Slavey husband gets jail time

LONG ISLAND International perfume maker Mahender Sabhnani, 51, was sentenced to a prison term of three and one-third years and fined $12,500. He was convicted in December on a 12-count federal indictment that included forced labor, conspiracy, involuntary servitude and harboring aliens.

The victims testified that they were beaten with brooms and umbrellas, slashed with knives, and forced to climb stairs and take freezing showers for misdeeds that included sleeping late or stealing food from the trash because they were poorly fed.

On Thursday, Sabhnani tearfully watched as his wife, Varsha, was sentenced to 11 years in prison. On Friday, she dabbed her eyes as she saw her husband meet his own fate.

Prosecutors contended Varsha Sabhnani was primarily responsible for inflicting years of abuse on the poorly educated servants.

Her husband, they said, allowed the conduct to take place and benefited from the work the women performed in their $2 million home; he operated the business from an adjacent office.

"The Mr. didn't know about it. The Mr. was nice. The Mr. didn't hear. The Mr. didn't shout," said defense attorney Stephen Scaring, recounting the victims' testimony while arguing for home confinement instead of prison.

"He was the master," countered Assistant U.S. Attorney Mark Lesko. "By holding slaves, Mahender Sabhnani violated every notion of freedom that we enjoy in America."

"He had to know what was going on under his roof, and he needs to be punished," the prosecutor said.

Judge Arthur Spatt conceded that Mahender Sabhnani did not personally inflict abuse, but said he must have been aware of it.

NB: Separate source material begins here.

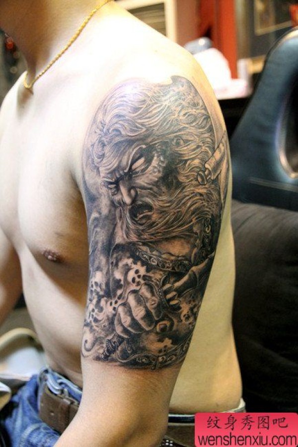 男士手臂帅气经典的姜太公姜子牙纹身图案

"He's a success story: The immigrant who came to this country and succeeded in business. He had to know all these dreadful things and did nothing," said the judge.

The husband is originally from India, and the wife from Indonesia. Both are naturalized U.S. citizens.

One of the workers arrived in the Sabhnanis' Muttontown home in 2002; the second came in 2005. The Sabhnanis immediately confiscated the servants' passports and other travel documents, the women testified.

Prosecutors said the "punishment that escalated into a cruel form of torture" ended in May 2007, when one of the women fled in the early morning hours of Mother's Day. She wandered into a Dunkin' Donuts wearing nothing but rags, and employees called police.

The husband pleaded for freedom at his sentencing, saying the couple's four children wonder, "`Who's going to help us? How can we do it on our own?' Every day, I look at fear in their eyes."

The grown children sat stoically in the front row as he spoke.

Scaring said the prosecution had taken a toll on the Sabhnanis and their children.

"This is a case that has been devastating to this family," said Scaring. "They are mocked, they are ridiculed, they are laughed at."

A hearing on whether the couple must forfeit their Long Island mansion was postponed until July 11.